Reviews for I faced more than that
Mistress Twist chapter 1 . 7/4/2008
I have a few things to say.

First: I agree with everyone on the reviews. They are right. I never judged anyone as I am going to do now.

Second: I'm not the one to say about grammar, but mine is not as bad as yours. (now I use spell check)

Third: I said, he said. You can skip the saids and use others or nothing at all.

Fourth: Who is Sonar? If you made her up, that's cool, but please describe her and how she got her or if she's visiting.(I've done a story like that before)

I think that is it. I've never judged anyone like this before. You could be an excellent writer because I like this idea, but you need to check grammar and get characters straight.

Peace,

new york gal
TheSonicDremel chapter 1 . 10/12/2004
Ok, ok, I've been debating with myself for awhile before posting this review. I must say, I really do hope that you listen to the voice of reason and take a creative writing course. I mean, the style you have right now is choppy and boring. It's repetative. And as for the character Sonar? I have major suspicions that she is a souped-up self-insertion. If you must create a Mary Sue to act out your fantasies, then please PLEASE don't force them on us. As a matter of fact, don't force your WRITING on us. Sonar seems to have no personality whatsoever, and it IS (as Major disaster said) like reading about a jellybean. You don't give us any reason to like her. And as for the fact that she graduated from med school to 17? Dude, it takes MUCH longer than three yours for a person to become a doctor. About five to ten years, I'd think. I find Sonar absolutely rediculous. As a matter of fact, she is indeed a crossbreed of Mary Sue. I've named this specimen Puella ridicula Sapienta, the Girl of Rediculous Knowledge for the way she does the impossible feat of getting into med school at 14. (The parent species are Pseudocanonica and Humanis Perfectis, the Canon Sue and Sanitly Sue.)She appears to be about 19-22, making her the prime age for a Mary Sue. And as for her punishment, and yours... I have my axe all nice and sharpened, so I will sentence you and your Sue to 40 out of 50 Axe Whackins. Now, I hope you listen to what people are telling and delete your stories and start over.
Chikory chapter 1 . 10/12/2004
You're coming up close behind "halo-girl" (a diagnosis murder fic writter) in the crappiest story competition. I'd tell you what's wrong with your story, only I don't have all night, I need sleep you know. Although having read that, I'm not so sure I will get much. It baffles me how people can get so much constructive criticism, yet ignore it. All you end up doing is pissing the readers off and making them lose any respect they might have had for you.

Who the Fck is Sonar? Some retard from Zardo Zaps planet?

Do us all a favour, read everyone’s tips and attempt to improve, or stop writting. I'm mentally disturbed enough as it is! I don't need your help.
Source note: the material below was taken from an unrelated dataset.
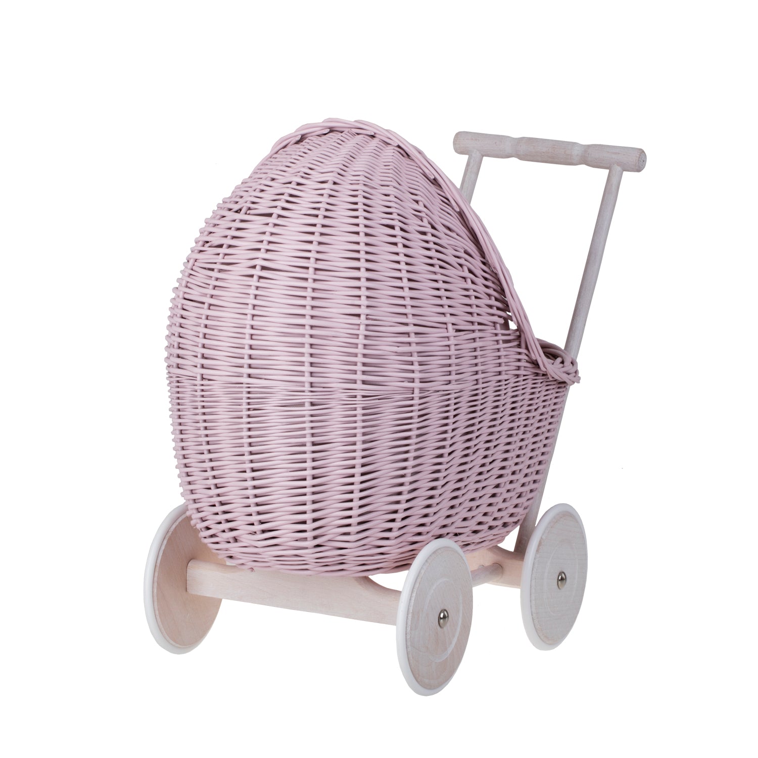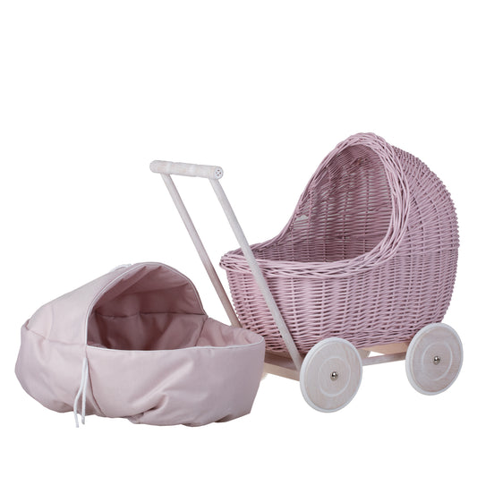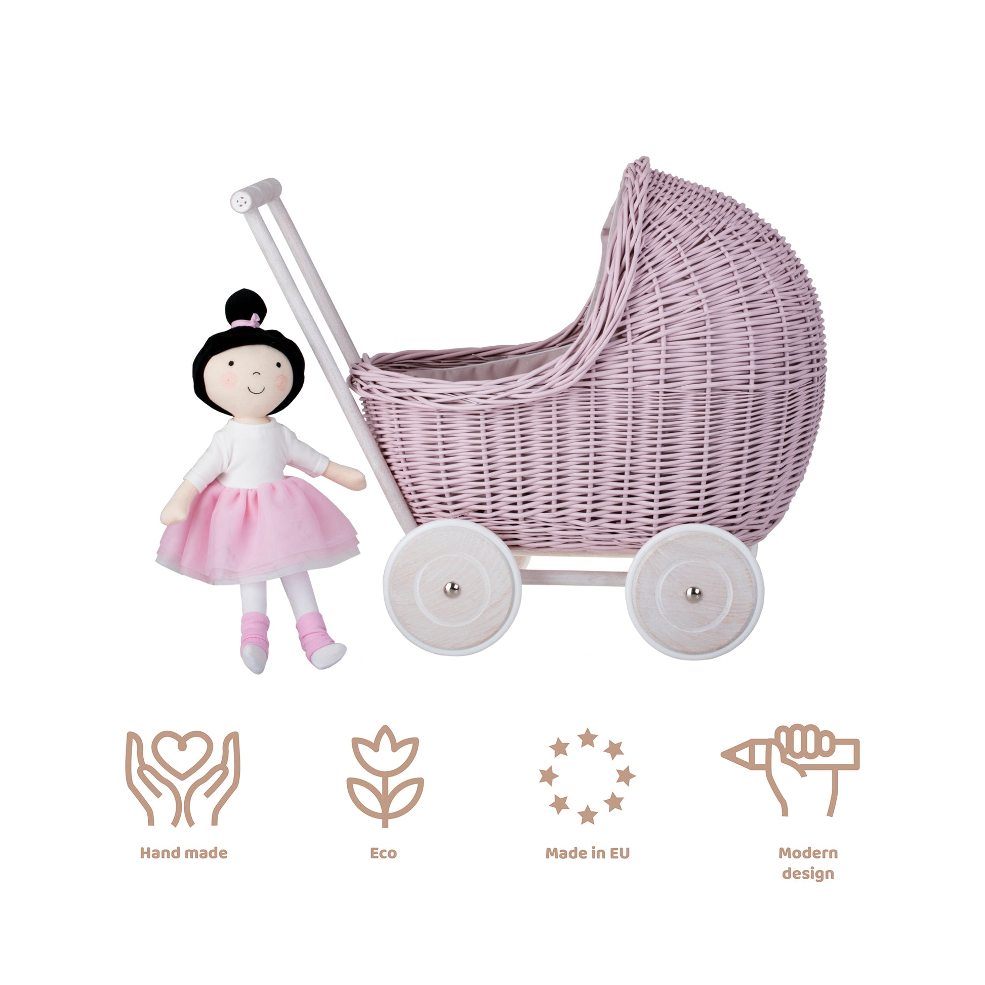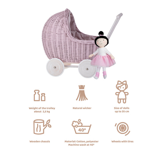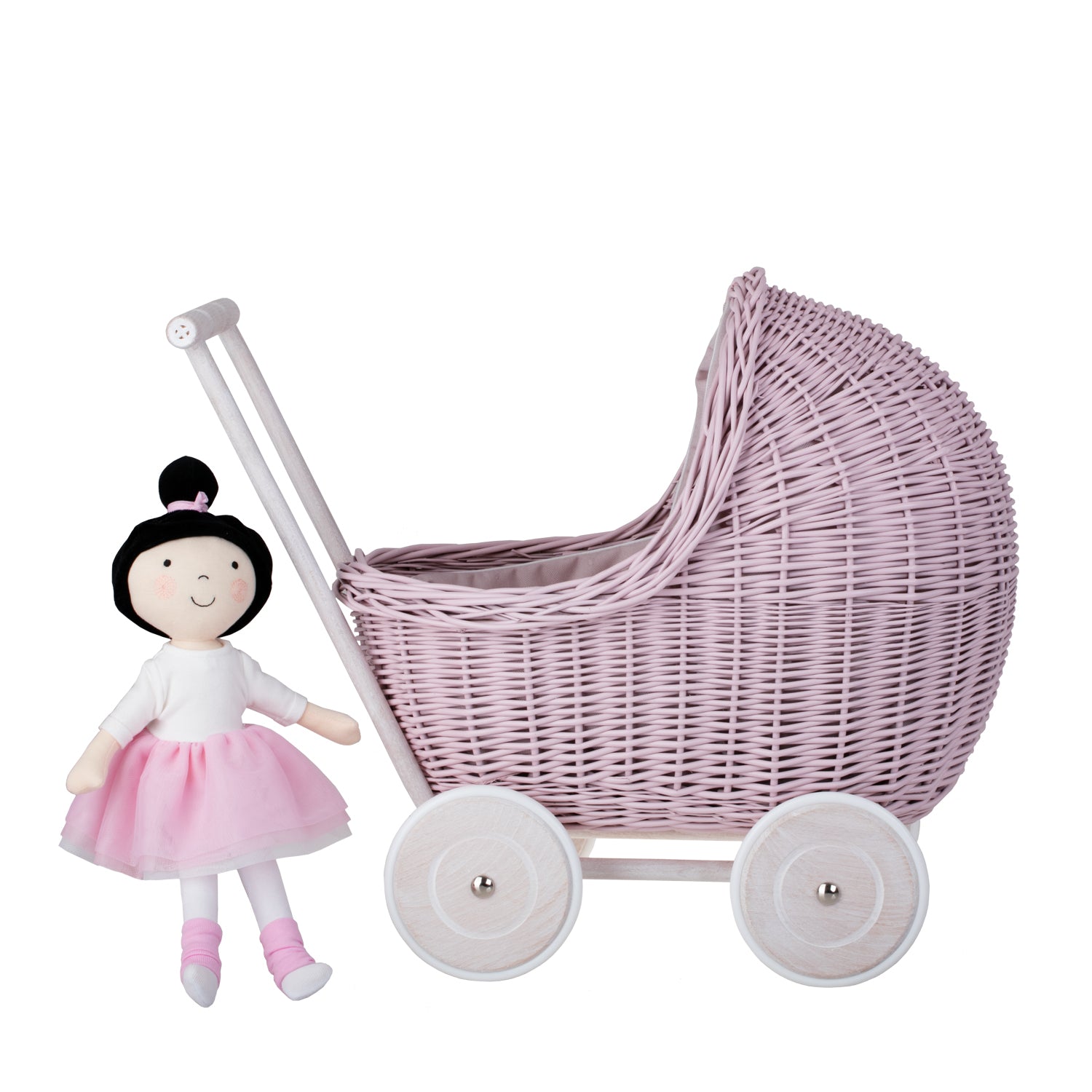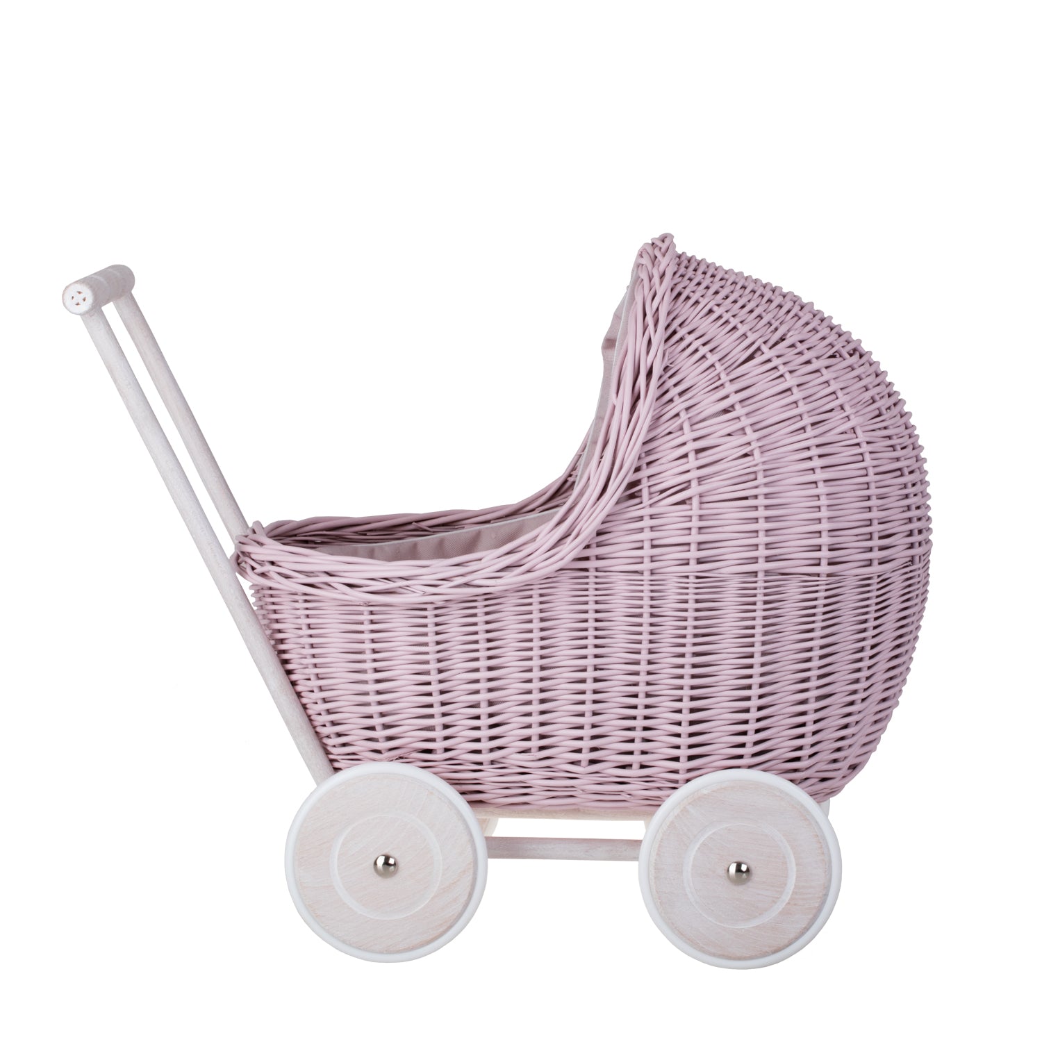 Lili wiklinowy wózek dla lalek z beżowym obszyciem, kołderką i poduszką TheWickerStories

P.S: Major Disaster, a jellybean would be more interesting to read about, and I'm sure it would have a lot more character.

~Chikory
Major Disaster chapter 1 . 10/6/2004
Do you have a beta reader or even proof read your work at all? You're too repetitive and need to work on your grammar.

I have read a few of your fics and still can't figure out who the hell Sonar is. This character doesn't have any personality whatsoever. It's like reading about a jellybean.
Hawkeye's Martini chapter 1 . 10/6/2004
. Wow...this needs work. A lot of work. May I inquire how old you are and what writing background, if any, you have? Reading this I get the impression you were directed to write "something" for a class you were not fond of, and finished the assignment as quickly as you could. Something you should realize is that no one is trying to knock you personally, but this...'story'... If you wish to continue writing, at the v. least I suggest a beta reader, although I don't know anyone who would be willing to rewrite an entire story for you. I don't see any spelling errors, but your grammar and diction leave much to be desired. If you decide to continue, that's up to you, but if what's continued is like this, do not expect to have your inbox flooded with reviews. Take care and a writing class. Adieu.
skywise chapter 1 . 10/5/2004
Do you have a beta, if so you should think about recruiting someone else to do a better job, just a thought.

Your comment about Margaret only being a Major, that's pretty good rank, granted not the highest but I wouldn't be saying only a major, her next promotion she'd be wearing a bird.
Thought police chapter 1 . 10/5/2004
Here's a summary: confusing, badly written story best left unread.
LadyAbbey chapter 1 . 10/5/2004
Please, not again...

Even though I've read your other stories, I've never felt motivated enough to review them. They were written a long time ago, and when I first read them you had disappeared from At the time, I hoped that you had decided to take a sabbatical and improve your writing skills. Alas, you have not.

I'm not so sure if my suggestions will make any impact upon you since you clearly haven't listened to anyone else's thoughts on the matter, but here goes.

Please, reread the other reviews people have given you. Take their advice and take a creative writing course. That will help improve your writing and allow you to express youself or tell a story more eloquently. Use proper tenses and try to consistently use either the present tense or the past tense when writing a story. In this story you seem to switch back and forth between present and past tense WAY too much. Tone it down.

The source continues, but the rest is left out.